• AIM OF THE EXERCISE: The required output is the exact run of lines from the one that contains "- Broccoli, Radish, Edamame" to the end of the data, with every picture left out.
[Opening DATA section]
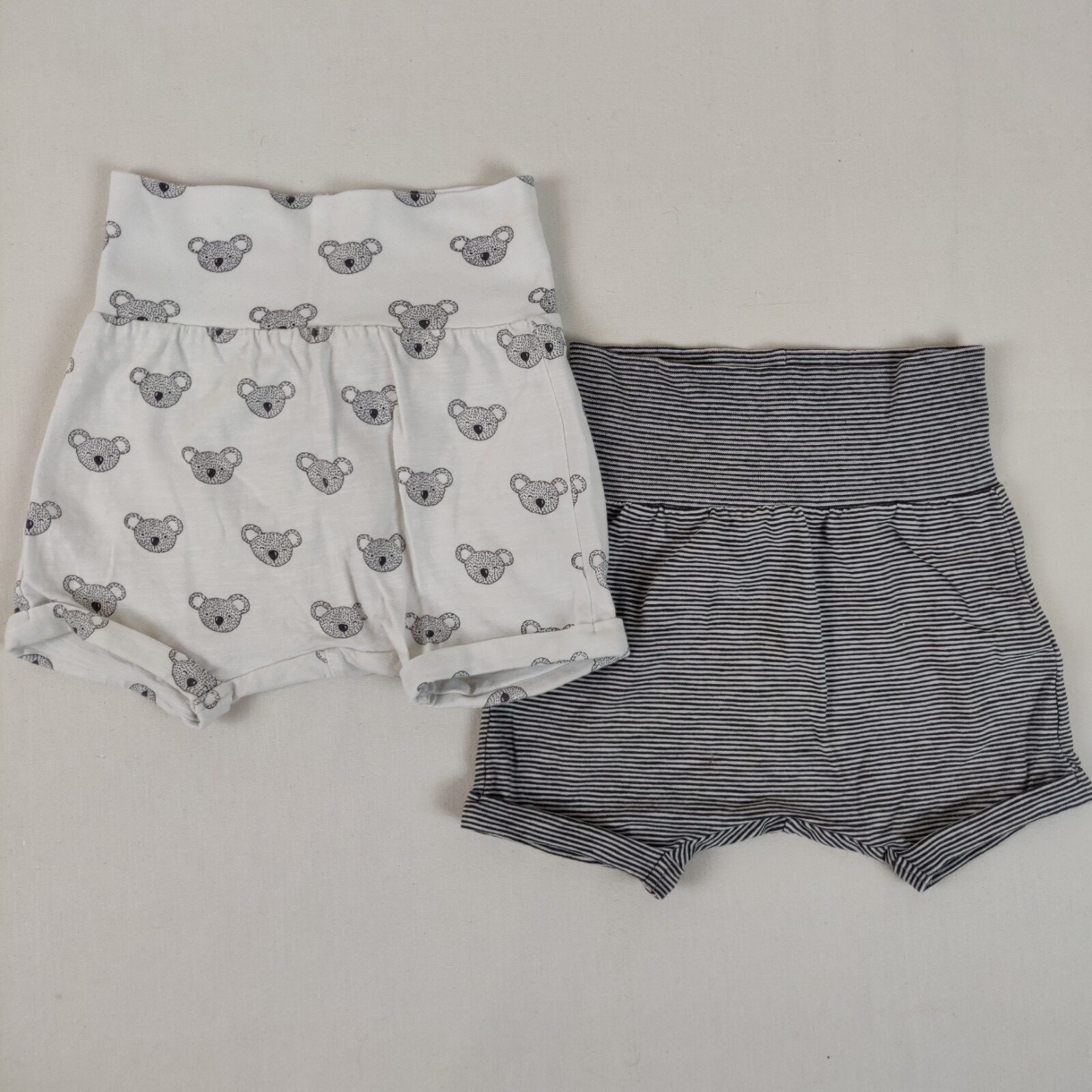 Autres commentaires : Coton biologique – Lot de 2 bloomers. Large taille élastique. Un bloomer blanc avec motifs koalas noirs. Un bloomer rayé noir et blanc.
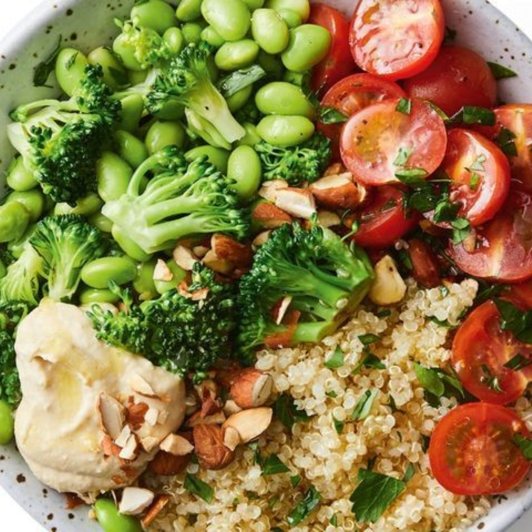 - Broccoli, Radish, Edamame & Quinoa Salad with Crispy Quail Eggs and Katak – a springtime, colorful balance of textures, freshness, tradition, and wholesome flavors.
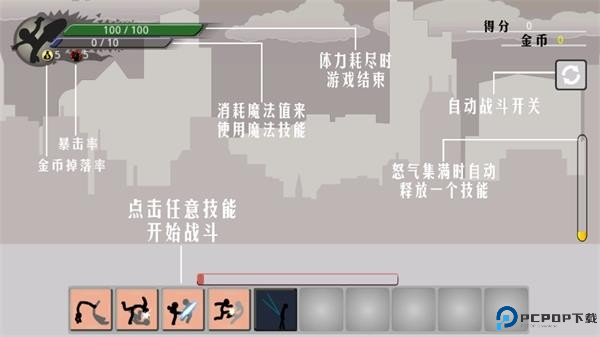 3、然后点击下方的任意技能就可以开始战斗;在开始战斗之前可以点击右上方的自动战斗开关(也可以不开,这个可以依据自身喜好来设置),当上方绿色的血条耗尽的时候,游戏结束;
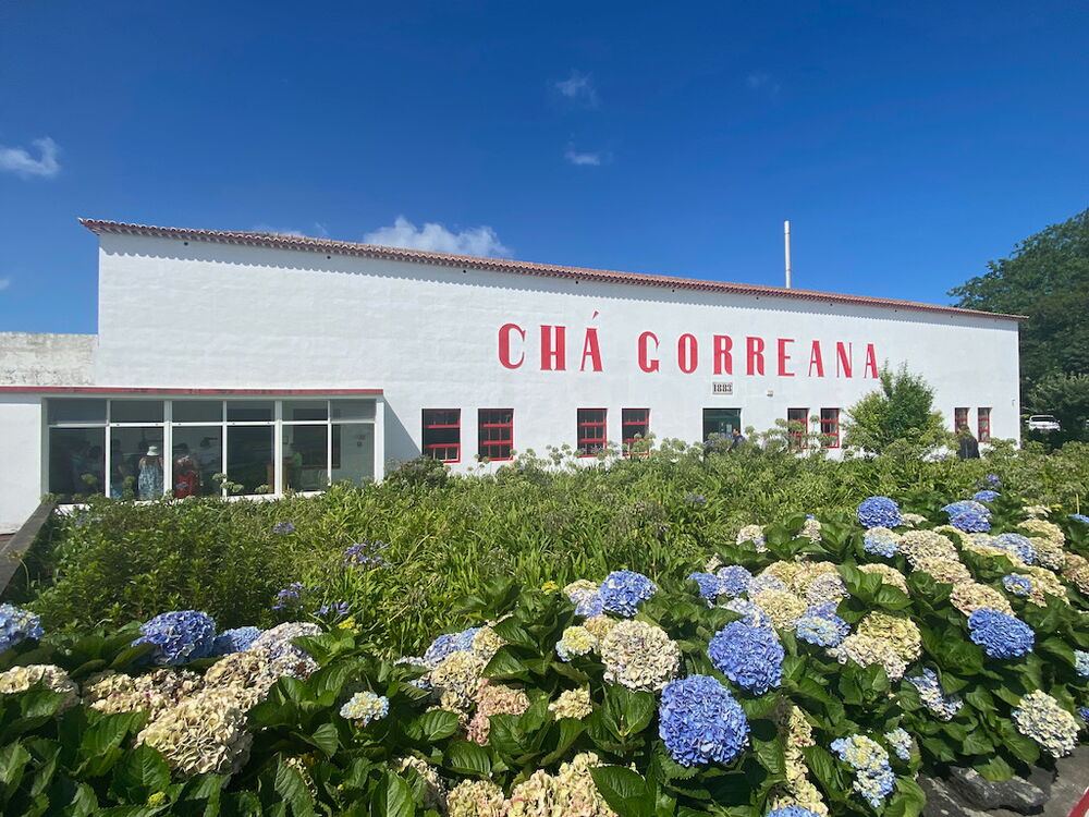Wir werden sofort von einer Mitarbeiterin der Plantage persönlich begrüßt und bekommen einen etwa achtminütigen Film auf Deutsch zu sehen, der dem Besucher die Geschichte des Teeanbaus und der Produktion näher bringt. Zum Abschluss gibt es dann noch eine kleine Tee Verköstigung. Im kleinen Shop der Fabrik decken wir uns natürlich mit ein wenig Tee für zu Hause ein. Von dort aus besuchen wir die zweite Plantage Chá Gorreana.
[Closing DATA section]
• SOLUTION TO THE EXERCISE:
 - Broccoli, Radish, Edamame & Quinoa Salad with Crispy Quail Eggs and Katak – a springtime, colorful balance of textures, freshness, tradition, and wholesome flavors.
 3、然后点击下方的任意技能就可以开始战斗;在开始战斗之前可以点击右上方的自动战斗开关(也可以不开,这个可以依据自身喜好来设置),当上方绿色的血条耗尽的时候,游戏结束;
Wir werden sofort von einer Mitarbeiterin der Plantage persönlich begrüßt und bekommen einen etwa achtminütigen Film auf Deutsch zu sehen, der dem Besucher die Geschichte des Teeanbaus und der Produktion näher bringt. Zum Abschluss gibt es dann noch eine kleine Tee Verköstigung. Im kleinen Shop der Fabrik decken wir uns natürlich mit ein wenig Tee für zu Hause ein. Von dort aus besuchen wir die zweite Plantage Chá Gorreana.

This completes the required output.